● **SOURCE DATA**:
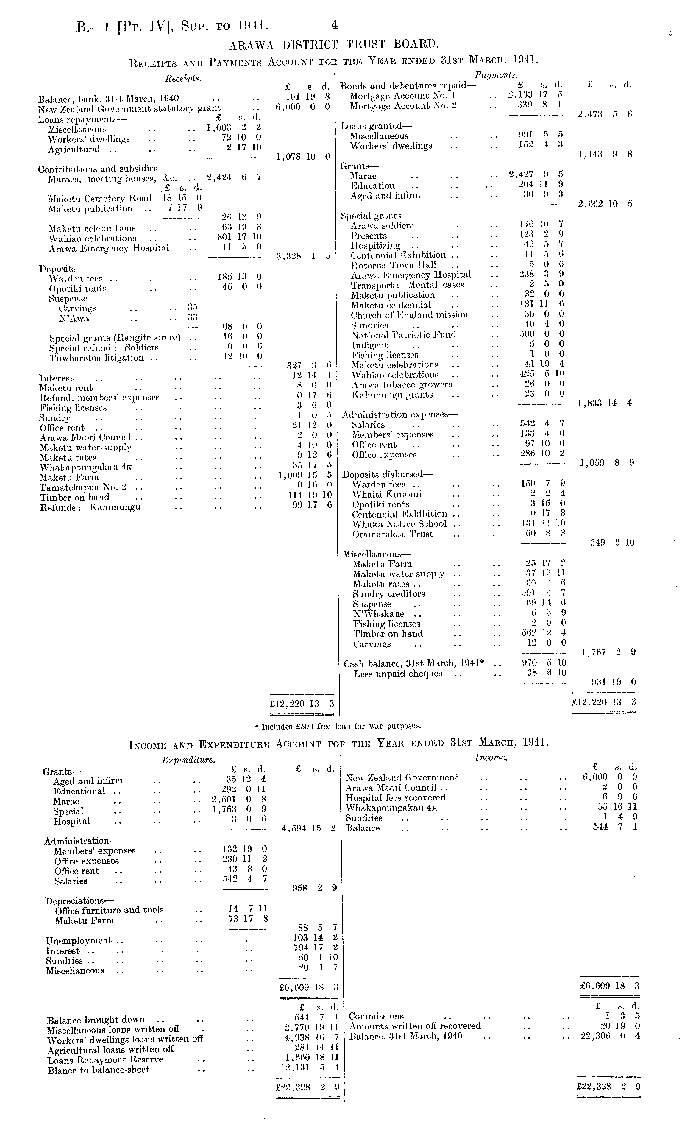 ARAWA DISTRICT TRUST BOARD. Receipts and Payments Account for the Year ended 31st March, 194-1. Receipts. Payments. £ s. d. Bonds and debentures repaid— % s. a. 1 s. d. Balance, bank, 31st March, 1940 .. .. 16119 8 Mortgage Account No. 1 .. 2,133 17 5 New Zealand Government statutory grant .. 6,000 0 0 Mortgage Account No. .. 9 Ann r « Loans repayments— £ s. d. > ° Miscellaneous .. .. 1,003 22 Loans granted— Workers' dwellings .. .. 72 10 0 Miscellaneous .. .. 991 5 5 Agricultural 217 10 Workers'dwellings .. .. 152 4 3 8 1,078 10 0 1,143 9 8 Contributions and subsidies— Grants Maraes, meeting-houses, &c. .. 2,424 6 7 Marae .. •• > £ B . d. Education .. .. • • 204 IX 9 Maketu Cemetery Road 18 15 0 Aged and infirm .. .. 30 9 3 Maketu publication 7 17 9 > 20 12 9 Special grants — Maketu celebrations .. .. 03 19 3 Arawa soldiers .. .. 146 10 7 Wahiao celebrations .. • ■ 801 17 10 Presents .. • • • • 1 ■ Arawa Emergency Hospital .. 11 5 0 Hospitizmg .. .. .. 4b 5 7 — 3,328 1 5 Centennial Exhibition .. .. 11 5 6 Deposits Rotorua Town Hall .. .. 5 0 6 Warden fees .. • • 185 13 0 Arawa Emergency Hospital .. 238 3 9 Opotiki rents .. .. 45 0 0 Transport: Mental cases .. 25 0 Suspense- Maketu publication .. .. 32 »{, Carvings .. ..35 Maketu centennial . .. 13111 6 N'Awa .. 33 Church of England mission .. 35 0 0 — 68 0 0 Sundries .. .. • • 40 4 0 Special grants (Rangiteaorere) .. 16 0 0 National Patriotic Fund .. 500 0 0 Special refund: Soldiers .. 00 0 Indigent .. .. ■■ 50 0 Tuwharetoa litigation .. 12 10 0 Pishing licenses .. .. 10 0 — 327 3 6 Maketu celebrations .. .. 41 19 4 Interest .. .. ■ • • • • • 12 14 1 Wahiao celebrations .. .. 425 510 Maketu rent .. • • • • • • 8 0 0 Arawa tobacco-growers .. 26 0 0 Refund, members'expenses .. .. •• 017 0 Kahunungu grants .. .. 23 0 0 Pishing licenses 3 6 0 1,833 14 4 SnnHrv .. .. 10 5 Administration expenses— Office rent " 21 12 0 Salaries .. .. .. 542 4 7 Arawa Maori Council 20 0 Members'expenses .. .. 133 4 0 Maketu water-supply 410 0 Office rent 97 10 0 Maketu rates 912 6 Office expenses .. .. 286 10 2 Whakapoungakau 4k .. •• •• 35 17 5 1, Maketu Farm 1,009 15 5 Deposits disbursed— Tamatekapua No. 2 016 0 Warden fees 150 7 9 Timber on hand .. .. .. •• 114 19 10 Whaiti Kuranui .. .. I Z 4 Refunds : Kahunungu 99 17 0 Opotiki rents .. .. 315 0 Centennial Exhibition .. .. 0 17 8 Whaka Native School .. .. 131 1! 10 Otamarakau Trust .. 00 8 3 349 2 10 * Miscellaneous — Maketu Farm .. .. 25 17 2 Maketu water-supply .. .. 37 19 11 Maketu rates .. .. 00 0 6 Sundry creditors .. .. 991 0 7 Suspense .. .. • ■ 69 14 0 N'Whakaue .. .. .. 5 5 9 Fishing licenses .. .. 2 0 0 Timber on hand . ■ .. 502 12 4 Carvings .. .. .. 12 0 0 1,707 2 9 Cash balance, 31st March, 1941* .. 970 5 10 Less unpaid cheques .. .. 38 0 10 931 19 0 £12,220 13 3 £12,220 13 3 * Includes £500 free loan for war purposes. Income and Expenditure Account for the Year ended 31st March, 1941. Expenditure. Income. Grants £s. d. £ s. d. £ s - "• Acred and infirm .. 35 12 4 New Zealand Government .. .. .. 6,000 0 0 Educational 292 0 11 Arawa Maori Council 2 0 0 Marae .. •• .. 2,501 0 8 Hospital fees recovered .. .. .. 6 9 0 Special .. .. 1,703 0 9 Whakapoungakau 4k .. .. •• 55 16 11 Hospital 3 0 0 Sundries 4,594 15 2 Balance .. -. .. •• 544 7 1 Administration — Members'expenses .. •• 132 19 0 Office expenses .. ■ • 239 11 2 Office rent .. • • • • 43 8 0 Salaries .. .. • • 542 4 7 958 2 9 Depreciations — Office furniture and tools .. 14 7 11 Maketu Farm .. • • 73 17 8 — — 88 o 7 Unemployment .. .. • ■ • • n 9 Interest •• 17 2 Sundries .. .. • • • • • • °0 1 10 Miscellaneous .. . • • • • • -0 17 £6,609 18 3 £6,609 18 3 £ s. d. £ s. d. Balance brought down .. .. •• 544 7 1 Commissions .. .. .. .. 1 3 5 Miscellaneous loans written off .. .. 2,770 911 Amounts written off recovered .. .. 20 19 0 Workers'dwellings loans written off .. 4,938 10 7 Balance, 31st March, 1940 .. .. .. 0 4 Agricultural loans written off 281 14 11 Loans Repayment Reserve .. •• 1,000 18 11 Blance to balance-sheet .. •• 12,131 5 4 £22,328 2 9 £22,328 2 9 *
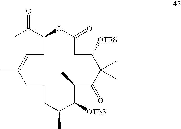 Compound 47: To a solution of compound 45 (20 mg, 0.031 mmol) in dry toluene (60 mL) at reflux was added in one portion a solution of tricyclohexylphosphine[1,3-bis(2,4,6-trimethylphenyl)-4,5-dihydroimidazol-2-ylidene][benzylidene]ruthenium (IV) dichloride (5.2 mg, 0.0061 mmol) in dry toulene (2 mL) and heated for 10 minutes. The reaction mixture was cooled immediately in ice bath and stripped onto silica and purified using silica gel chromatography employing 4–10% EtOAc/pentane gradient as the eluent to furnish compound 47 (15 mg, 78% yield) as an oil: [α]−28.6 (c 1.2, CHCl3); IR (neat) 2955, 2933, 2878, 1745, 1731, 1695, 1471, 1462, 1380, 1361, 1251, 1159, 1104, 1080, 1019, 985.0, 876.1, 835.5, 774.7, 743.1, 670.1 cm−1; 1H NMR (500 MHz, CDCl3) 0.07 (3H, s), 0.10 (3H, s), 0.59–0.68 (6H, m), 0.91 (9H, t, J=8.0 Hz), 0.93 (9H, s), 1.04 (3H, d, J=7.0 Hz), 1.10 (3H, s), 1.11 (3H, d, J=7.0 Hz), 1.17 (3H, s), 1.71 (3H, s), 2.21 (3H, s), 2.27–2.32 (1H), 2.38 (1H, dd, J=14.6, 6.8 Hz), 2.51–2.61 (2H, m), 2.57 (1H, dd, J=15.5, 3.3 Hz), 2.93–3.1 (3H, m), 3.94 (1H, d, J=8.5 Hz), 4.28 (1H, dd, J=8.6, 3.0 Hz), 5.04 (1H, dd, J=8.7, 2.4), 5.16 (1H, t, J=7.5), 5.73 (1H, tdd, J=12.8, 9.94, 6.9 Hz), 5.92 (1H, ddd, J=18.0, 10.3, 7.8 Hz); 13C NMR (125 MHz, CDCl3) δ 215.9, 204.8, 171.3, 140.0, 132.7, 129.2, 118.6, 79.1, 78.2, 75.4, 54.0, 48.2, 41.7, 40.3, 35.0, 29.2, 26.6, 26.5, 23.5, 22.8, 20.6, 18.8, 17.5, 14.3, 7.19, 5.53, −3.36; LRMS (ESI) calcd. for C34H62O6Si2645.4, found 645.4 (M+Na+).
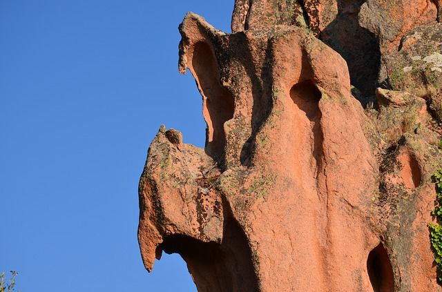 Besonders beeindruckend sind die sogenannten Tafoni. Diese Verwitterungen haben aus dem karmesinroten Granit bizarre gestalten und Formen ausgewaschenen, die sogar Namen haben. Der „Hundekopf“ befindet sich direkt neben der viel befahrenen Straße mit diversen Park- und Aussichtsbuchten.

--

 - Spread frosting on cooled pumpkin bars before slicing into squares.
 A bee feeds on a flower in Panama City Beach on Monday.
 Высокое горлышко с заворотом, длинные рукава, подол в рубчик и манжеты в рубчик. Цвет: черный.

● **EXERCISE GOAL**: In the entries above, find the line with "A bee feeds" and the line with "Высокое горлышко с", then set down exactly those two and every line between them, nothing else.

● **EXERCISE SOLUTION**:
 A bee feeds on a flower in Panama City Beach on Monday.
 Высокое горлышко с заворотом, длинные рукава, подол в рубчик и манжеты в рубчик. Цвет: черный.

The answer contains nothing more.